Stockholm, October 2020. According to Swedish fashion company Asket, seeking sustainability from the fashion industry is a hard call. “The fashion industry is based on constant renewal,” it says. “It is always convincing us to buy more, when really what we need is less.” A walk through any shopping mall will confirm this is the case, despite many companies emphasising sustainable credentials. According to Asket, this approach is basically flawed.

It claims most fashion companies aren’t addressing the root causes of climate change, pollution and workforce exploitation. Instead, it asserts, they are just greenwashing customers with “sustainable” products so they can maintain the status quo, and encourage consumers to buy even more products.

“We want to maximise the life of every piece.” - August Bard Bringéus. Courtesy Asket.

“We want to maximise the life of every piece.” - August Bard Bringéus. Courtesy Asket.

Asket’s approach is not to claim they are greenie garment producers, but to give customers the real facts about any purchase so they can make the most of it. “We’ve been unconventionally transparent from the start, but it’s only now that we’re really asking all the questions,” explained Asket co-founder August Bard Bringéus. “Our hope is to inspire more brands to follow. Setting a higher standard for transparency forces us to consider the true cost of the garments we make and buy.”

The company says they have faced up to the reality that every garment has an impact, no matter how well made (or marketed) it is. “We can’t shop our way to sustainability,” they note.

Instead, the company teamed up with the Research Institute Sweden (RiSE) for a two-year project to trace exactly how much CO2 emission, water and energy consumption each garment produced. Then, and this is the new angle that sets Asket apart, they sell each item of clothing with a special Impact Receipt which they claim doesn’t just note the mechanics of the transaction, but details an agreement to invest in ASKET goods, and to understand its impact, buy less and keep it longer so you reduce consumption.

The Impact Receipt details how much energy, emissions are baked into the purchase. Courtesy Asket.

The Impact Receipt details how much energy, emissions are baked into the purchase. Courtesy Asket.

It compares buying clothes to food: just like we wouldn’t put something in our mouth without knowing where it came from, we shouldn’t with our clothing, they say. “It’s just not responsible.”

The joint research calculated a life cycle impact assessment based on climate impact (kg CO2-equivalents), water usage (cubic metres, and based on the region) and primary energy (MJ of electric or gas, both renewable and non-renewable) that its manufacture, warehousing and delivery cost the planet. Then they calculated the same impacts during the lifecycle of the garment. This included things like washing, drying, ironing and detergents, as well as end of life issues such as recycling, landfill usage or incineration associated energy consumption.

Asket customers can now ask for a traditional till receipt as usual, but in addition a new ticket gives the exact amounts of energy and emissions will result from its creation and likely use. And it hopes this will become the norm.

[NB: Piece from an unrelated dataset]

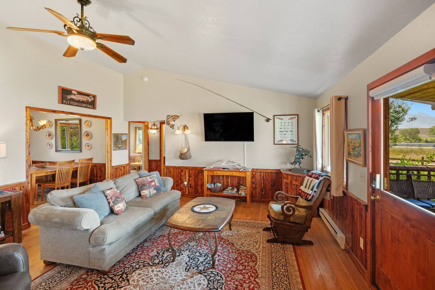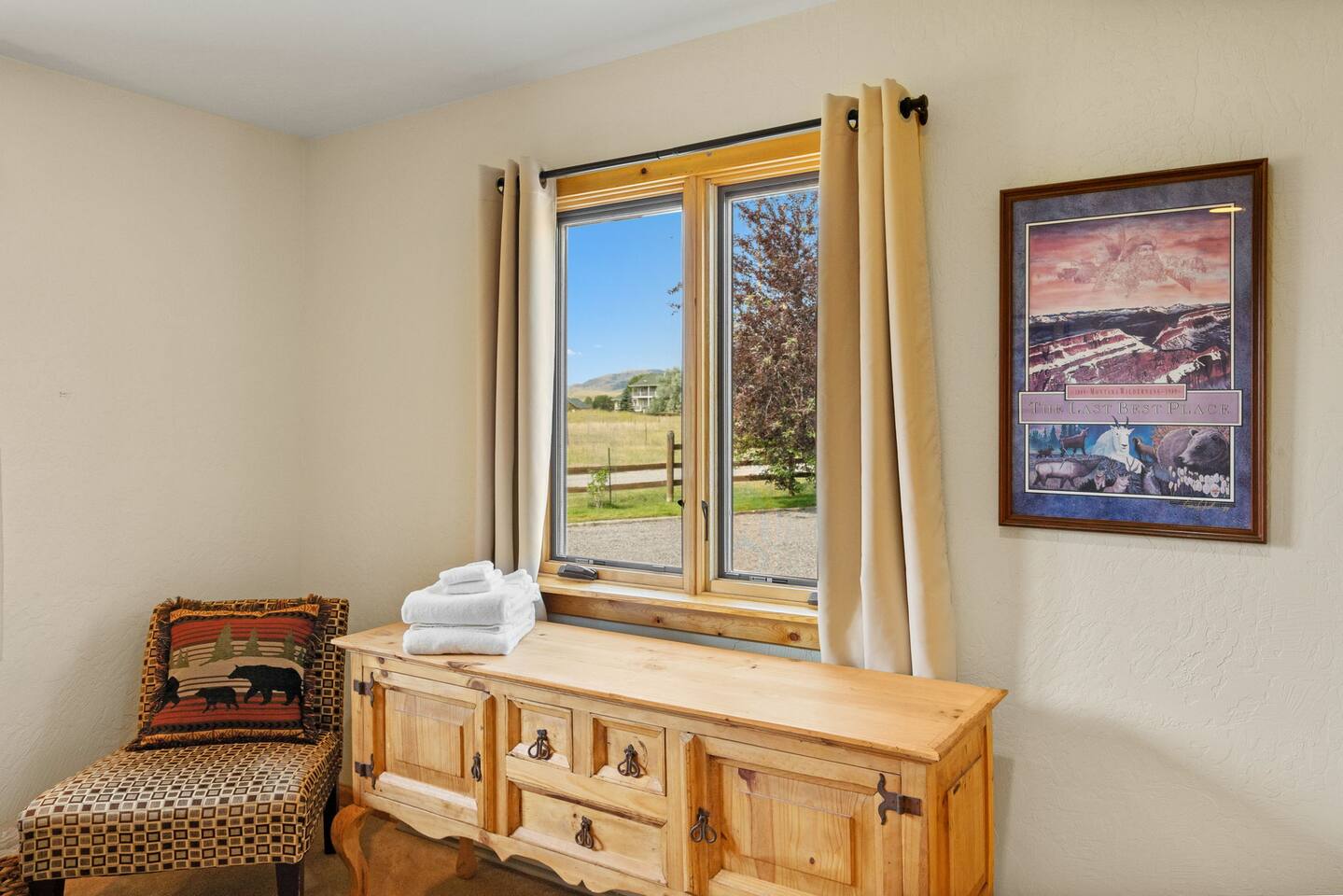 Paradise Ranch Retreat is the perfect home base for your family's ultimate Montana adventure vacation. With plenty of space for you and your family to spread out and enjoy Montana's great outdoors, Paradise Ranch Retreat boasts: - Two clean, comfortable, & well-equipped cabins. The cabins are spaced near enough for connection & just far enough apart for privacy - A lush, green, spacious yard perfect for enjoying breathtaking mountain views while grilling outside, playing yard games, and spending time with loved ones. - Fishing river access steps away on the mighty Yellowstone River - Close to Yellowstone National Park, perfect for your Yellowstone Tour or visit to Old Faithful - Conveniently located just off Highway 89 and near world-famous Chico Hot Springs, Sage Lodge, Old Saloon- perfect for those wondering where to stay in Montana - Well maintained, with easy check-in & responsive local manager - WiFi, large smart TVs, indoor fireplaces, large yard, BBQ grill - Frequently visited by wildlife including elk, deer, bald eagles, moose, and cute little bunnies! - 10% weekly discount, ideal for Montana vacations for couples, friends, or families This property is the perfect home-away-from-home for your larger gatherings,! With room to comfortably accommodate up to 12 people, everyone can join in the fun! This property is perfect for family gatherings, wedding parties, church retreats, and film crews! Plus, there are plenty of separate spaces where people can unwind and enjoy quiet time away from the group. At the Paradise Ranch Retreat, you'll enjoy the flexibility and convenience of having two separate residences: The Moose Horn Lodge and The Trout House Both are beautifully decorated, immaculately clean cedar log homes in Montana’s majestic Paradise Valley! We are on the doorstep of Yellowstone National Park (Gardner entrance is 35 miles South) and just a short drive south of historic downtown Livingston, Montana. The homes boast a large well-manicured lawn with mature trees, fantastic views of Emigrant Peak (el. 10,926 feet!), and access to Yellowstone River and its exceptional fishing and abundant recreation opportunities. The Moose Horn Lodge at Paradise Ranch Retreat features welcoming Western decor throughout 3 bedrooms, 2 bathrooms, and a spacious, open living and dining area. An inviting gas fireplace and a large smart TV, make this a comfortable retreat for six. The proud Montana native owners live in nearby Bozeman and regularly update household items including comfy cozy bedding, cookware, linens, and towels. In the living area, you can snuggle up on the inviting couch and two oversized recliners, next to the gas fireplace and enjoy the breathtaking view of Emigrant Peak. Pass the time bird and wildlife watching with the binoculars! Or, enjoy YouTube TV or your favorite streaming service on the large smart TV. Partial walls separate the kitchen and dining room from the living area, making it an ideal entertainment space! Cook your favorite Montana recipes in our well-appointed kitchen - complete with a refrigerator, freezer, stove, oven, microwave, dishwasher, coffee maker, toaster, cookware, Western-themed dinnerware, flatware, and glassware. There is plenty of room for all in our dining area! Enjoy your meals, play a game, or share your adventure stories and photos at our beautiful wooden table featuring seating for six. The kitchen island has a bar with three matching wooden chairs for extra seating. Enjoy the majestic mountain views from each of the three bedrooms. Every bedroom features custom-made log bed frames with comfortable bedding (updated regularly), bedside tables with Western decor lamps, closets, luggage racks, and wooden wardrobes. Two full bathrooms provide all the comforts of home including fresh towels, hair dryers, shampoo, conditioner, and body wash. One of the two full bathrooms hosts the washer and dryer and has plenty of room for you to wash and fold laundry. Outdoor, we feature a covered front porch where you can enjoy your morning coffee or evening cocktails amongst the glorious Montana views. The mountain sunrises and sunsets will astound you. Use the outdoor grill and BBQ to host your cookout on the spacious lawn adjacent to Paradise Ranch Retreat's Trout House (a separate home that sleeps 6). The Trout House features two bedrooms- one with a beautifully framed queen-sized bed and one with a charming full (bottom)/twin (top) bunk bed that kids will adore! They will feel like they're in a Yellowstone cabin! The vaulted ceilings, high windows, and mountain views enhance your comfort in this home. The living room features a welcoming stone gas fireplace, a large smart TV, and comfortable seating. Look for the locally discovered fossils, shells, and petrified wood hidden throughout the stonework of the inviting gas fireplace! A full sleeper sofa is available in the living room; an ideal alternative sleeping arrangement for a second adult party. A fully equipped kitchen and a full bathroom with a washer and dryer provide all the comforts of home. A small bar top with two stools separates the living room from the meticulously clean and fully equipped kitchen with a refrigerator, freezer, stove, oven, microwave, coffee maker, toaster, cookware, dinnerware, flatware, and glassware. Outdoor, the Trout House hosts a propane BBQ grill and a large patio – perfect for enjoying the fresh Montana air! In addition, on the spacious lawn surrounding both residences, you can enjoy many traditional lawn games such as cornhole and Connect 4 or Stargaze without the reflections of bright city lights. On a clear, night in at Paradise Ranch Retreat, the stargazing is pure magic. REVIEWS, PLEASE NOTE - As of November 2024 Paradise Ranch Retreat transitioned Property Management duties to the owner, Jennifer. We're so thankful for the amazing support Tanya Smith provided as our Property Manager over the last seven years! Unfortunately, we lost years of our cherished FIVE-S

“The aim is to encourage customers to maximise the life of every piece, something that all brands should be championing,” said Bard Bringéus. “We want to encourage not only ourselves but also our customers and the industry as a whole to think about the environmental debt we’re creating.”

IKEA’s secondhand shop will be in the ReTuna mall. Courtesy ReTuna.

IKEA’s secondhand shop will be in the ReTuna mall. Courtesy ReTuna.

Another new approach is being pushed by the giant of disposable furniture, IKEA. It is opening a second-hand store for its own refurbished products, repaired and restored to their original condition. The store will be located in the ReTuna shopping mall in Eskilstuna, billed as the world’s first second-hand shopping centre and which offers a whole range of retail outlets that sell reused, organic or sustainable products.

“If we are to achieve our sustainability goals, we need to challenge ourselves and test our ideas in practice,” said Jonas Carlehed, head of sustainability at IKEA Sweden. “Climate change cannot be solved in theory, it must be solved through good examples in everyday life.”

IKEA says it will use this first store to test and develop a sustainable business model for recycling furniture into the future. It says it wants to become a ‘fully circular business’ by 2030, with all its furniture and products made from materials that are renewable and recyclable.

“We will enable and inspire people with thin wallets to live a more sustainable life,” said Jesper Brodin, CEO of the IKEA holding company. “To spark real change, we … need a collaborative approach to turn climate challenges into scalable solutions. No one can do everything, but everyone can do something.”